Korea’s latest cultural export to Japan: citizen journalism
July 23, 2006
Next month Korea’s citizen journalist online newspaper OhmyNews will launch in Japan, and many are wondering whether it will create the revolution it has caused in Korea.
First off, a few fast facts on OhmyNews, courtesy of Wikipedia and the site itself:
- Motto “Every Citizen is a Reporter”
- Founded by Oh Yeon Ho in 2000
- First of its kind in the world to accept, edit and publish articles from its readers, in an open source style of news reporting
- ~20% of the site’s content is written by the 55-person staff while the majority of articles are written by an army of 41,000 ‘citizen reporters’
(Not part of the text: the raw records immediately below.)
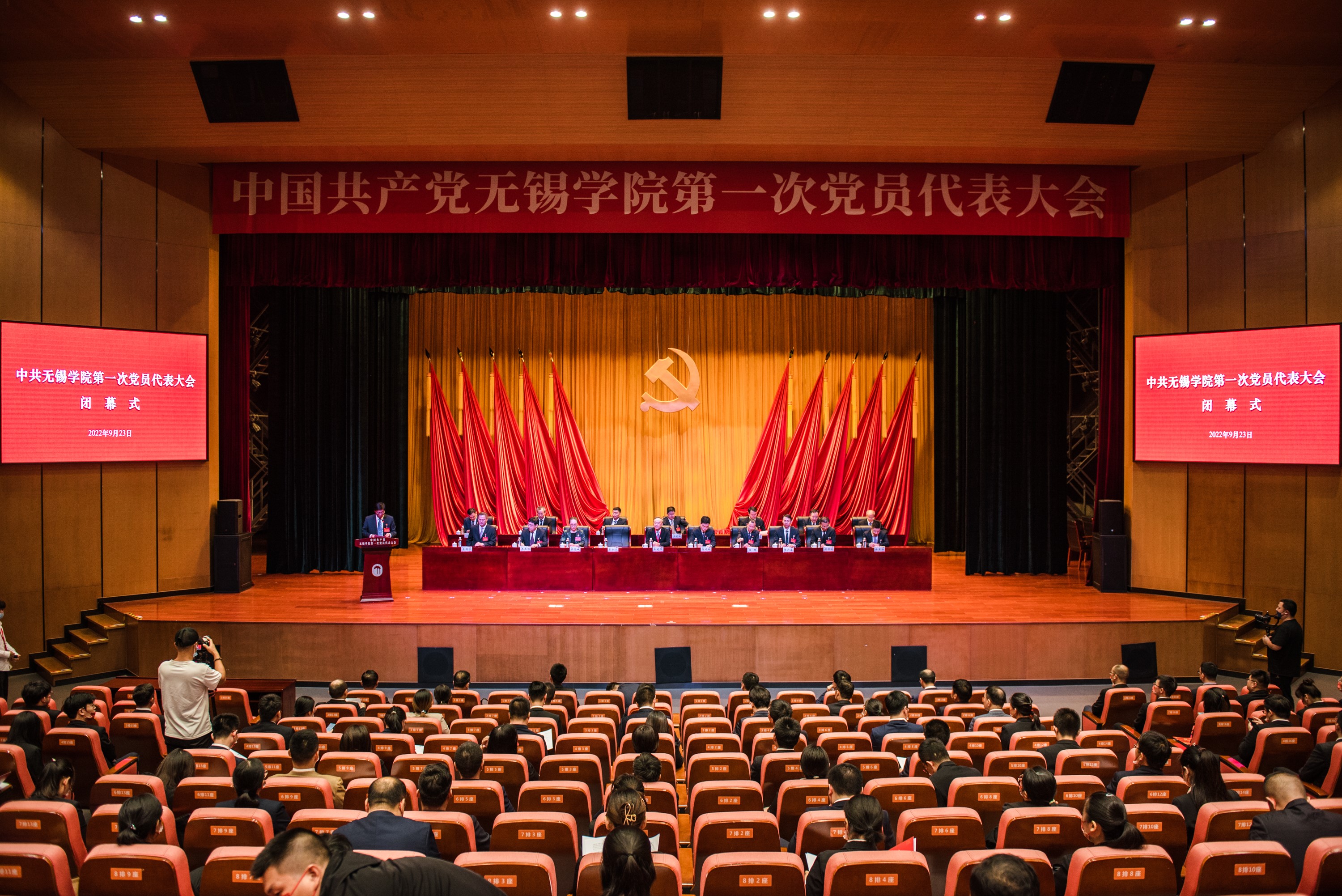 在庄严的《国际歌》歌声中,中国共产党无锡学院第一次党员代表大会圆满完成各项议程,胜利闭幕。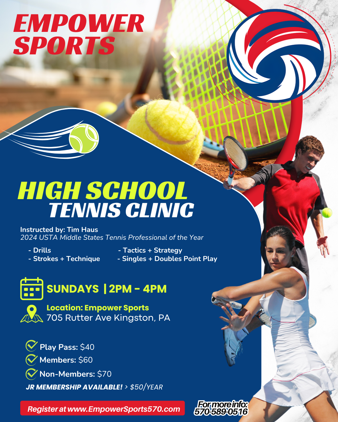 Tim Haus, the 2024 USTA Middle States Tennis Professional Of The Year, is now available for lessons and clinics at Empower Sports!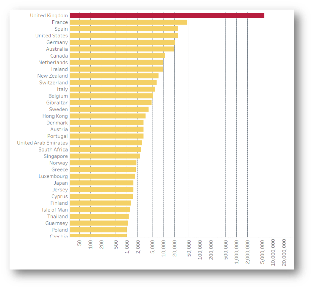 With a margin so tiny, it's trickier to get a visual that makes sense. A pie chart, for example, would hardly display the smaller slice containing all of the non-UK origin signatures. Even with a bar chart we are struggling to see anything outside of the UK in a linear scale; but it is perfect if using logarithmic scales, which are definitely a must in this scenario.

- OhmyNews makes 60 to 70 percent of its money from ads, 20 percent from syndicating content, and 5 to 10 percent from reader donations
- It pays contributors around $20 for newsworthy pieces, and it also offers professional editing and fact-checking to contributors
- It has up to 700,000 visitors a day.
- OhmyNews was influential in determining the outcome of the South Korean presidential elections in December 2002 with the election of Roh Moo Hyun. After being elected, Roh granted his first interview to OhmyNews.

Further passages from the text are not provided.